Marie, on her deathbed, seeks to make peace among those she loves and who love her: “‘Uncle Julien,’ she murmured, as she faintly extended her hand towards him, ‘thou wilt not refuse to clasp hands with one who has so loved thy Marie! And thou, Arthur, oh! scorn him not. Without him the invisible dungeons of the Inquisition would have been my grave, and thine that of a dishonoured knight and suspected murderer’” (248). Stanley expresses his grief: “Oh, Marie, Marie! I thought separation on earth the worst agony that could befall me; but what is it compared to the eternal one of death!” Marie responds by confessing to Stanley that her marriage to Ferdinand Morales was prescribed by their shared, hidden Jewish faith — “Arthur, dearest Arthur, it was no Christian whom I wedded.

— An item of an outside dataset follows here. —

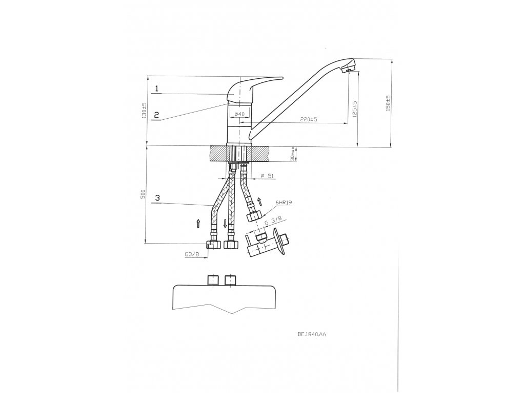 Beztlaková stojánková páková baterie pro beztlakové ohřívače vody BE. 1840. AA DRAŽICE

We had been betrothed from early childhood though I knew it not” (249) —and by expressing her conviction that all conflicts, whether of faith or of love, are resolved in Heaven: “No, no, not eternal, Arthur. In heaven I feel there is no distinction of creed or faith; we shall all love God and one another there, and earth’s fearful distinctions can never come between us. I know such is not the creed of thy people, nor of some of mine; but when thou standest on the verge of eternity, as I do now, then thou wilt feel this too” (248). Stanley, moved, “pressed his quivering lips to her forehead.” Moments later, Marie dies, having charged Stanley with the task of informing “Isabella, my kind, loving, generous mistress,” whose “heart loves me — aye, still, still!” — even though “her creed condemns” — “how with my last breath I loved and blessed her” (25.

In the final scene of the narrative, “Julien Morales and Arthur Stanley — the aged and the young — the Jewish recluse and the Christian warrior — knelt side by side on the cold earth, which concealed the remains of one to both so inexpressibly dear. [ . . . ] And then both arose. [ . . . ] The young Christian turned and was folded to the heart of the Jew. The blessing of the Hebrew was breathed in the ear of the Englishman, and Stanley disappeared (251).” The chapter, the last but one, in the book, ends on a hymn to love transcending all particular faiths: “Oh, love! Thou fairest, brightest, most imperishable type of heaven! What to thee are earth’s distinctions? Alone in thy pure essence thou standest, and every mere earthly feeling crouches at thy feet. And art thou but this world’s blessing? Oh! They have never loved who thus believe. Love is the voice of God, love is the rule of Heaven” (251.